Goldstein, Joseph Leonard (1940-…), is an American physician and medical researcher who made important discoveries about a fatty substance called cholesterol. Goldstein and his colleague Michael S. Brown revolutionized scientific understanding of how cholesterol can accumulate in arteries, increasing the risk of strokes or heart attacks. For their discoveries, the two scientists shared the 1985 Nobel Prize in physiology or medicine.
In 1973, Goldstein and Brown discovered that the amount of cholesterol in the human body is controlled by molecules called LDL-receptors on the surface of cells. These receptors trap and absorb fatty particles from the bloodstream known as low-density lipoproteins (LDL’s). The two scientists showed that a diet rich in cholesterol lowers the number of these receptors and thereby increases a person’s risk of heart disease. A low-cholesterol diet, on the other hand, raises the number of LDL-receptors and helps prevent heart disease. They also discovered that some people inherit a low number of LDL-receptors and are therefore more prone to heart disease. This inherited disorder is known as familial hypercholesterolemia.
Goldstein was born in Sumter, South Carolina. After graduating from Washington and Lee University, he received his M.D. degree from the University of Texas Southwestern Medical School in 1966. From 1966 to 1968, he served his internship and residency at Massachusetts General Hospital in Boston, where he met Brown.

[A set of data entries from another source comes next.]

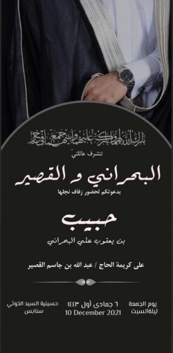 تحتفل عائلة البحراني والقصير في سنابس مساء يوم الجمعة بزفاف الشاب حبيب يعقوب علي البحراني على كريمة الحاج عبدالله جاسم القصير في حسينية السيد الخوئي بسنابس وسط فرحة الأهل والأصدقاء ومحبي العريسين. وعبر العريس عن سعادته الغامرة بدخوله القفص الذهبي، سائلا الله أن يوفقه وعروسه ويرزقهما الذرية الصالحة. أسرة ”جهينة الإخبارية“ تهنئ العريسين وعائلتيهما وتسأل الله ان يبارك لهما، متمنين لهما حياة سعيدة ‏ ...
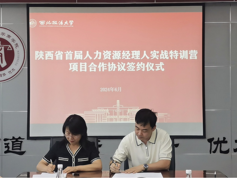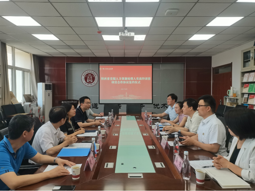 6月14日,英国365集团官网与陕西诚邦人力资源有限公司于诚意楼617室举行首届人力资源经理人实战特训营项目签约仪式。陕西城邦人力资源有限公司总经理田坤、副总经理杨晗,西安高新区人力资源行业协会秘书长杨灵,西安市高新区企业高质量发展服务平台负责人李昱锋,公司党委书记赵参、经理李晓宁、副经理杨柳青以及授课教师代表参加。
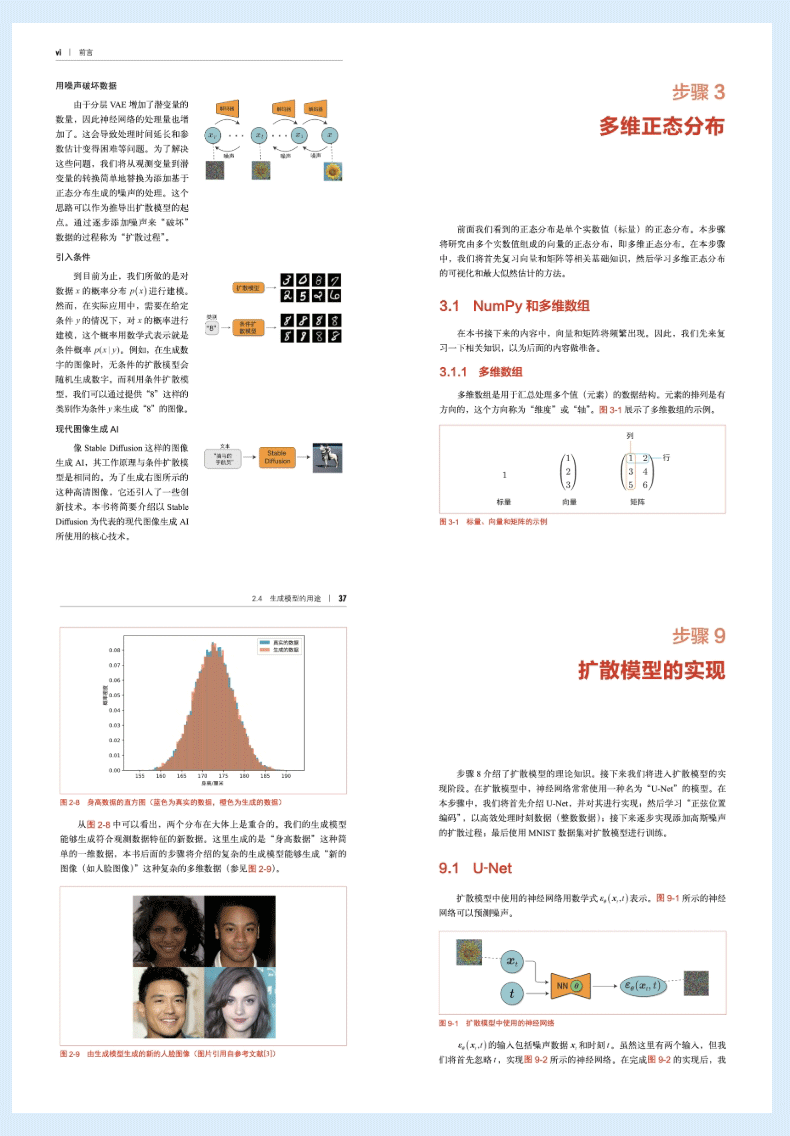 全书以连贯故事形式,通过 10 个步骤,依次讲解与生成模型相关的重要技术,比如正态分布、最大似然估计、多维正态分布、高斯混合模型、EM 算法、神经网络、变分自动编码器,最后用 3 个步骤剖析扩散模型的理论、实现与应用。
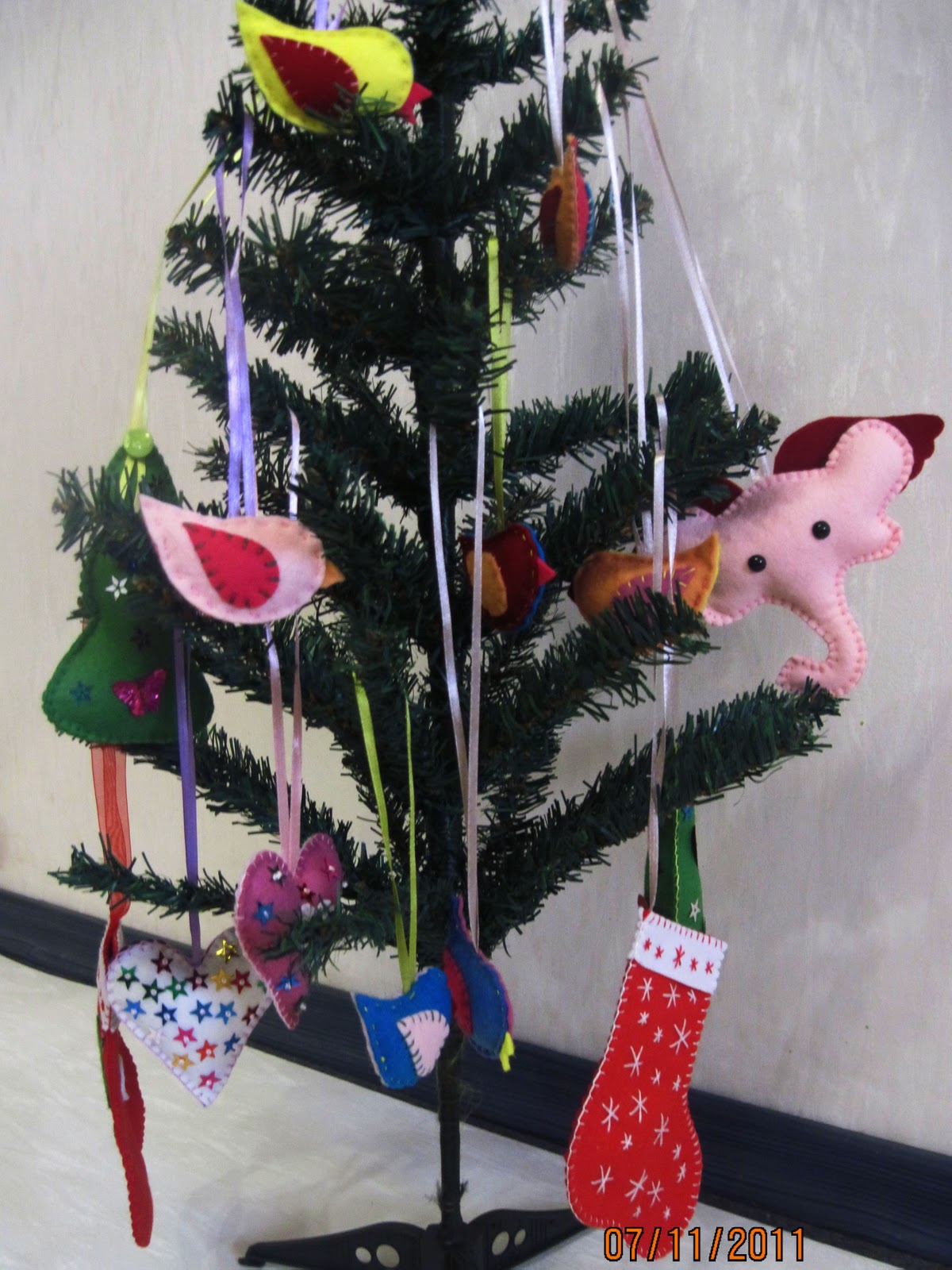 Сшились у меня мелочушки для магазина. Не придумала ничего лучшего, чем поставить старенькую елочку и нарядить ее ))))

After his residency, Goldstein did research at the National Heart Institute and the University of Washington, focusing on genetic factors that increased people’s risk of heart disease. He returned to the University of Texas in 1972, joining Brown in his cholesterol research at the Southwestern Medical Center there. Goldstein became professor and chairman of the Department of Molecular Genetics in 1977. He is coauthor of The Metabolic Basis of Inherited Disease (1983).